TASK INSTRUCTIONS —
Your copy must hold all of the data below, unchanged and without images.

THE DATA —

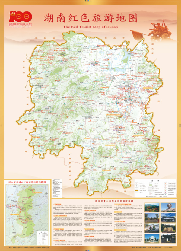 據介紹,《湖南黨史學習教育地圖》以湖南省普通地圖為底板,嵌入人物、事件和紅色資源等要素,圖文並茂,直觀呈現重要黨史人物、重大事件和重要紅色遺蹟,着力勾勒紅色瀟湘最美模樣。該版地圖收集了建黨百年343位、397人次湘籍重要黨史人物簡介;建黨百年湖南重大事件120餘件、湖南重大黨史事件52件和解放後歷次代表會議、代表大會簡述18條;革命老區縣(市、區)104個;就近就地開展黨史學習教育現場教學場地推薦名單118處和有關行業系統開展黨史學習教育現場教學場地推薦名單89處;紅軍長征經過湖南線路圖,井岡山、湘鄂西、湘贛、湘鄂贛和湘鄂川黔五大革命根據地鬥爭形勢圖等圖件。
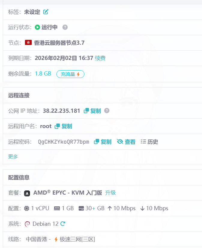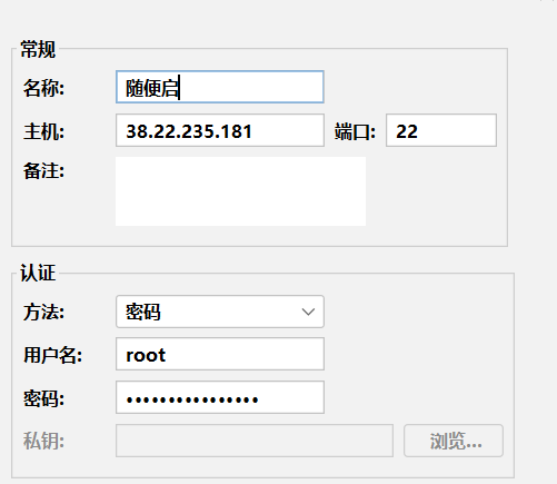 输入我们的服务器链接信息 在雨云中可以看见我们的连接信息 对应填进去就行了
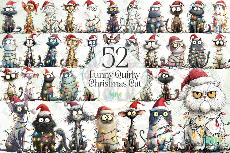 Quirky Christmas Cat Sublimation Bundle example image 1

RESULT FOR THIS EXERCISE —
 據介紹,《湖南黨史學習教育地圖》以湖南省普通地圖為底板,嵌入人物、事件和紅色資源等要素,圖文並茂,直觀呈現重要黨史人物、重大事件和重要紅色遺蹟,着力勾勒紅色瀟湘最美模樣。該版地圖收集了建黨百年343位、397人次湘籍重要黨史人物簡介;建黨百年湖南重大事件120餘件、湖南重大黨史事件52件和解放後歷次代表會議、代表大會簡述18條;革命老區縣(市、區)104個;就近就地開展黨史學習教育現場教學場地推薦名單118處和有關行業系統開展黨史學習教育現場教學場地推薦名單89處;紅軍長征經過湖南線路圖,井岡山、湘鄂西、湘贛、湘鄂贛和湘鄂川黔五大革命根據地鬥爭形勢圖等圖件。
 输入我们的服务器链接信息 在雨云中可以看见我们的连接信息 对应填进去就行了
 Quirky Christmas Cat Sublimation Bundle example image 1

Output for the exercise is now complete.